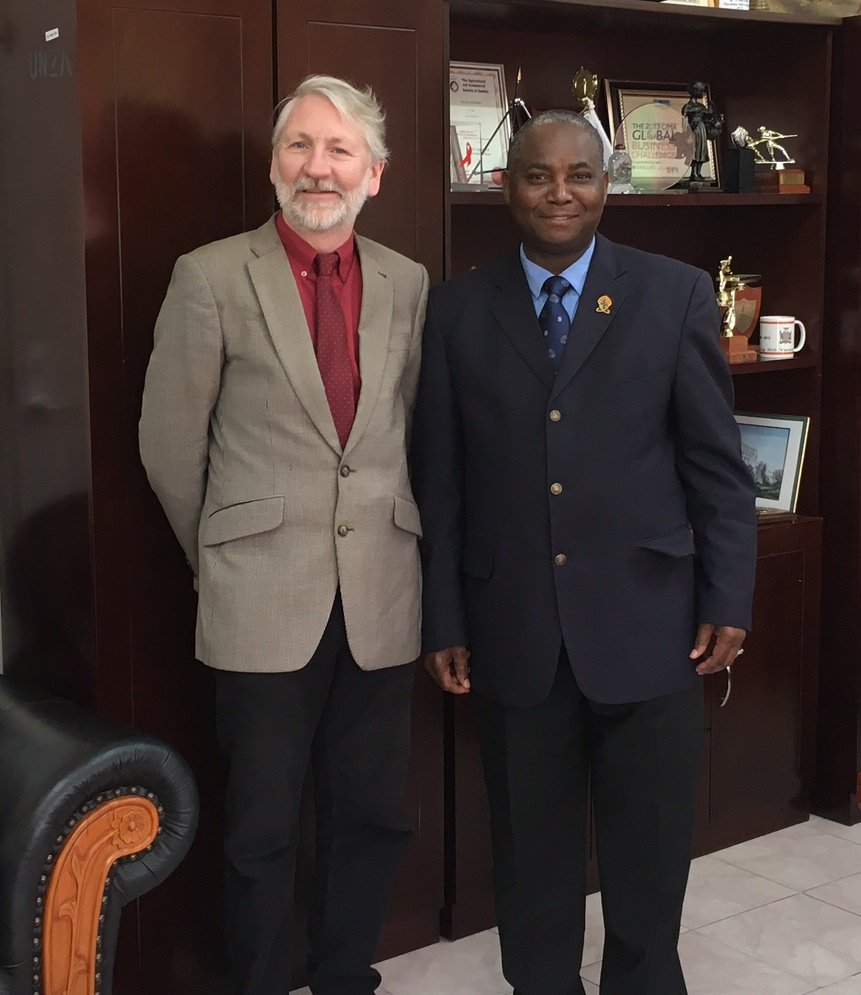 Ken visits University of Zambia for talks on the invasive Fall armyworm (Spodoptera frugiperda) and publishes an article on the issue in The Conversation Africa Ken with UNZA Vice-Chancellor, Professor Mumba
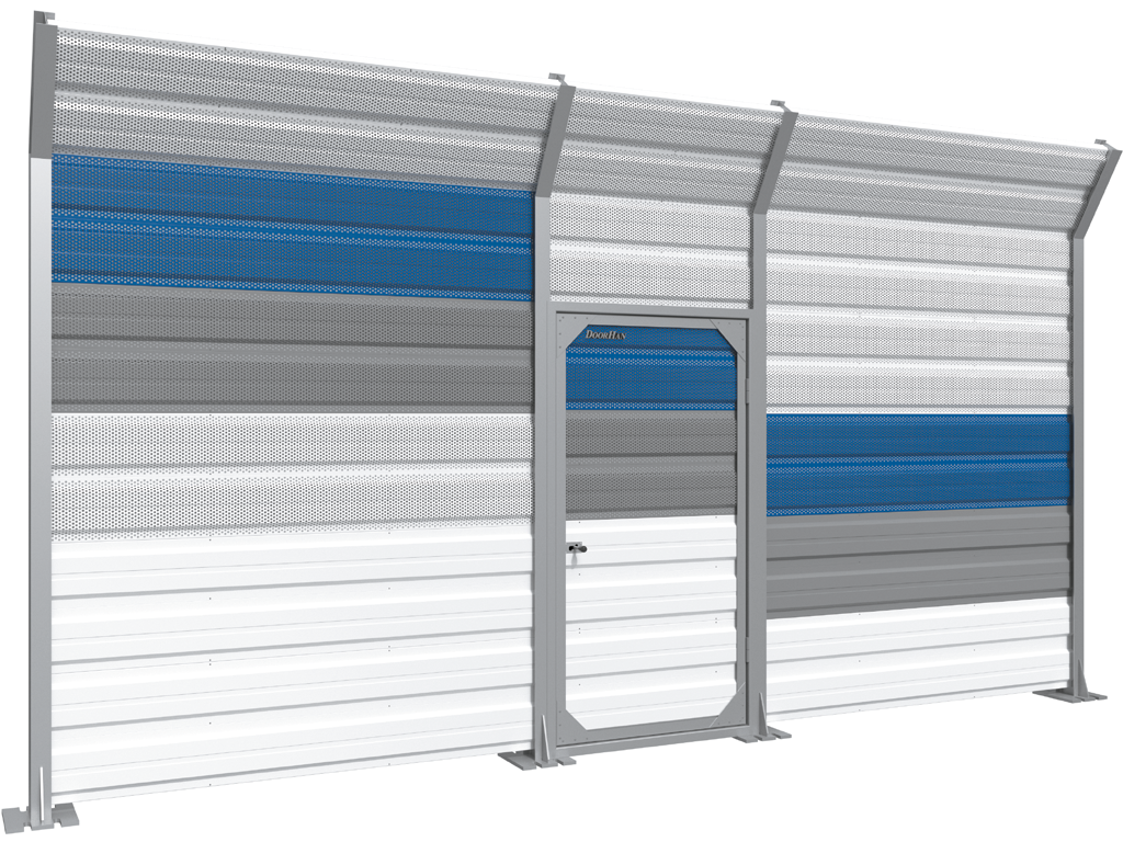 Shovqindan himoya ekranlari — bu turar-joy zonalari va ish joylarini avtomagistrallar, temir yo'llar va sanoat korxonalari shovqinidan himoya qilish uchun mo'ljallangan kuchli statsionar to'siqlardir. Biroq, har qanday uzun to'siq funktsional o'tish joylariga muhtoj: hududga xizmat ko'rsatish, xodimlarning o'tishi, shuningdek, avariya holatlarida evakuatsiya qilish uchun. Akustik ekranda oddiy teshik yaratish mumkin emas, chunki bu "ovoz yorilishi"ni keltirib chiqaradi va butun konstruksiyaning samaradorligini yo'qqa chiqaradi. Aynan shu vazifani hal qilish uchun maxsus DoorHan ochiladigan shovqindan himoyalovchi eshikcha ishlab chiqilgan — bu to'siqning ovoz izolyatsiyasi xususiyatlarini to'liq saqlagan holda qulay o'tishni ta'minlaydigan texnologik elementdir.
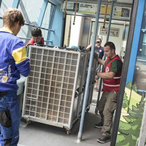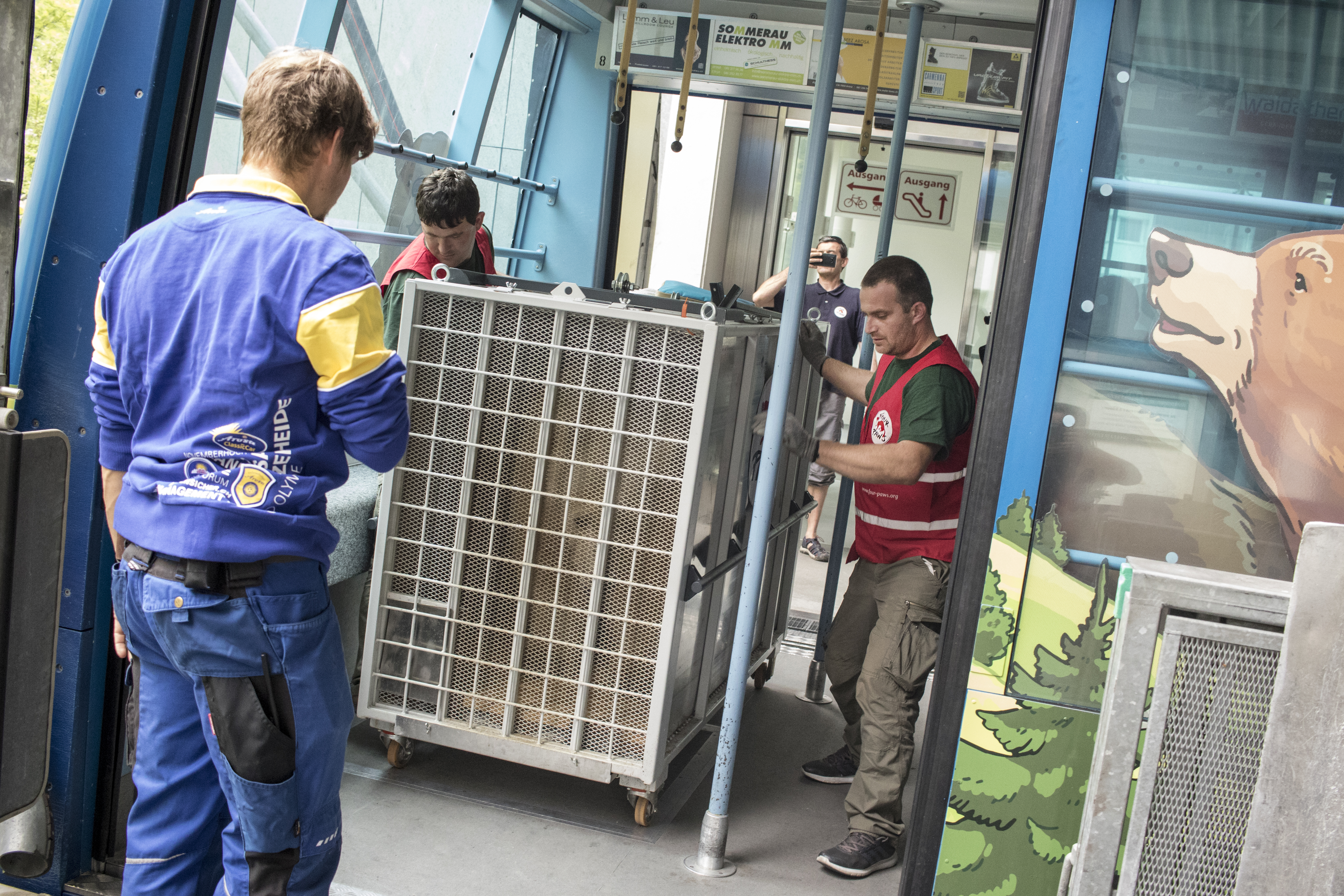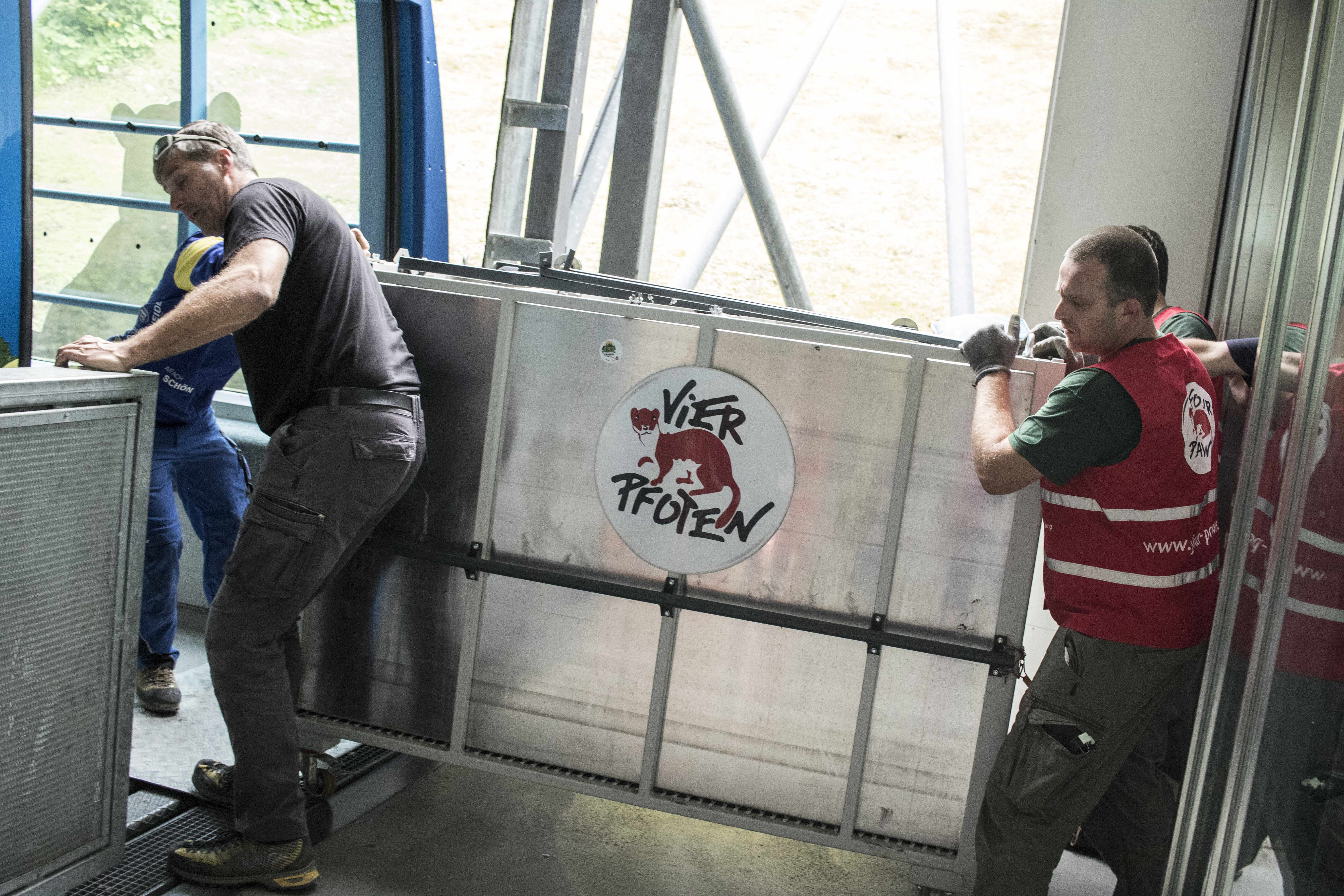 Nach rund 1400 Kilometern, 28 Stunden Transportzeit und einer Gondelfahrt war es endlich geschafft: Napa kam am Mittwoch wohlbehalten in seinem neuen Zuhause an. Seine Reise begann am Tag zuvor im Zoo Palic in Serbien, wo er seit Oktober 2016 übergangsweise untergebracht war. Nachdem er dort von VIER PFOTEN-Tierärzten betäubt und anschließend in die Bärenambulanz verladen worden war, trat er in dem speziell für Langstreckentransporte von Wildtieren eingerichteten Auto die Fahrt in ein besseres Leben an. Eine Klima- und Belüftungsanlage und regelmäßige Checks während der Fahrt durch den behandelnden Tierarzt stellten sein Wohlbefinden sicher. Ab der Ankunft in Arosa gab es für das Team allerdings einige Herausforderungen zu meistern. „Der Transportkäfig wog mit Napa rund 550kg. Diesen von der Bärenambulanz in die Gondel zu befördern, war eine logistische Meisterleistung. Ich bin sehr froh, dass alles so gut verlaufen ist und Napa endlich in seinem endgültigen Zuhause angekommen ist“, so Carsten Hertwig, VIER PFOTEN Bärenexperte.
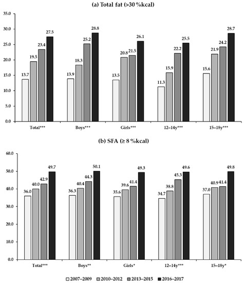 Trends in proportions of subjects who had more than the dietary guidelines for total fat and saturated fatty acids (SFA) among Korean adolescents during 2007–2017: (a) total fat; (b) SFA. (a) The statistical analysis accounted for the complex sampling-design effect and used appropriate sample weights. (b) p trends were obtained from the chi-square test to examine differences in proportions across the survey period. * < 0.01, ** < 0.001, *** < 0.0001.
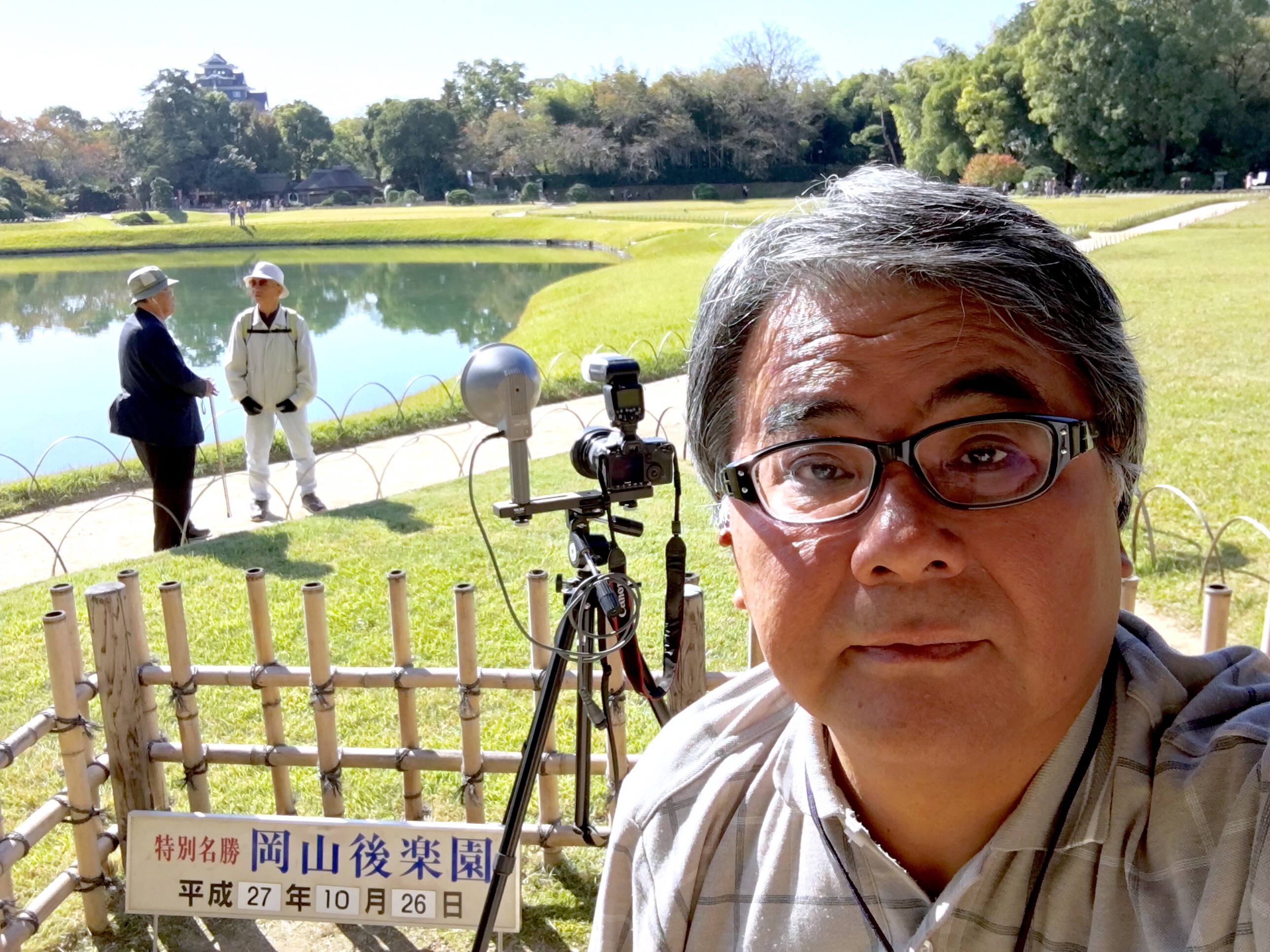 今日の自撮り定点撮影は、後楽園の常連さんお二人が話し込まれているところをバックに撮らせていただきました。
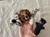 黒猫、ウサギ、ライオン、犬、サルの指人形のセット。

+++

> Exercise goal
Write out the listing above again, exactly, but with no pictures in the copy.

> Solution to this problem
 Ken visits University of Zambia for talks on the invasive Fall armyworm (Spodoptera frugiperda) and publishes an article on the issue in The Conversation Africa Ken with UNZA Vice-Chancellor, Professor Mumba
 Shovqindan himoya ekranlari — bu turar-joy zonalari va ish joylarini avtomagistrallar, temir yo'llar va sanoat korxonalari shovqinidan himoya qilish uchun mo'ljallangan kuchli statsionar to'siqlardir. Biroq, har qanday uzun to'siq funktsional o'tish joylariga muhtoj: hududga xizmat ko'rsatish, xodimlarning o'tishi, shuningdek, avariya holatlarida evakuatsiya qilish uchun. Akustik ekranda oddiy teshik yaratish mumkin emas, chunki bu "ovoz yorilishi"ni keltirib chiqaradi va butun konstruksiyaning samaradorligini yo'qqa chiqaradi. Aynan shu vazifani hal qilish uchun maxsus DoorHan ochiladigan shovqindan himoyalovchi eshikcha ishlab chiqilgan — bu to'siqning ovoz izolyatsiyasi xususiyatlarini to'liq saqlagan holda qulay o'tishni ta'minlaydigan texnologik elementdir.
 Nach rund 1400 Kilometern, 28 Stunden Transportzeit und einer Gondelfahrt war es endlich geschafft: Napa kam am Mittwoch wohlbehalten in seinem neuen Zuhause an. Seine Reise begann am Tag zuvor im Zoo Palic in Serbien, wo er seit Oktober 2016 übergangsweise untergebracht war. Nachdem er dort von VIER PFOTEN-Tierärzten betäubt und anschließend in die Bärenambulanz verladen worden war, trat er in dem speziell für Langstreckentransporte von Wildtieren eingerichteten Auto die Fahrt in ein besseres Leben an. Eine Klima- und Belüftungsanlage und regelmäßige Checks während der Fahrt durch den behandelnden Tierarzt stellten sein Wohlbefinden sicher. Ab der Ankunft in Arosa gab es für das Team allerdings einige Herausforderungen zu meistern. „Der Transportkäfig wog mit Napa rund 550kg. Diesen von der Bärenambulanz in die Gondel zu befördern, war eine logistische Meisterleistung. Ich bin sehr froh, dass alles so gut verlaufen ist und Napa endlich in seinem endgültigen Zuhause angekommen ist“, so Carsten Hertwig, VIER PFOTEN Bärenexperte.
 Trends in proportions of subjects who had more than the dietary guidelines for total fat and saturated fatty acids (SFA) among Korean adolescents during 2007–2017: (a) total fat; (b) SFA. (a) The statistical analysis accounted for the complex sampling-design effect and used appropriate sample weights. (b) p trends were obtained from the chi-square test to examine differences in proportions across the survey period. * < 0.01, ** < 0.001, *** < 0.0001.
 今日の自撮り定点撮影は、後楽園の常連さんお二人が話し込まれているところをバックに撮らせていただきました。
 黒猫、ウサギ、ライオン、犬、サルの指人形のセット。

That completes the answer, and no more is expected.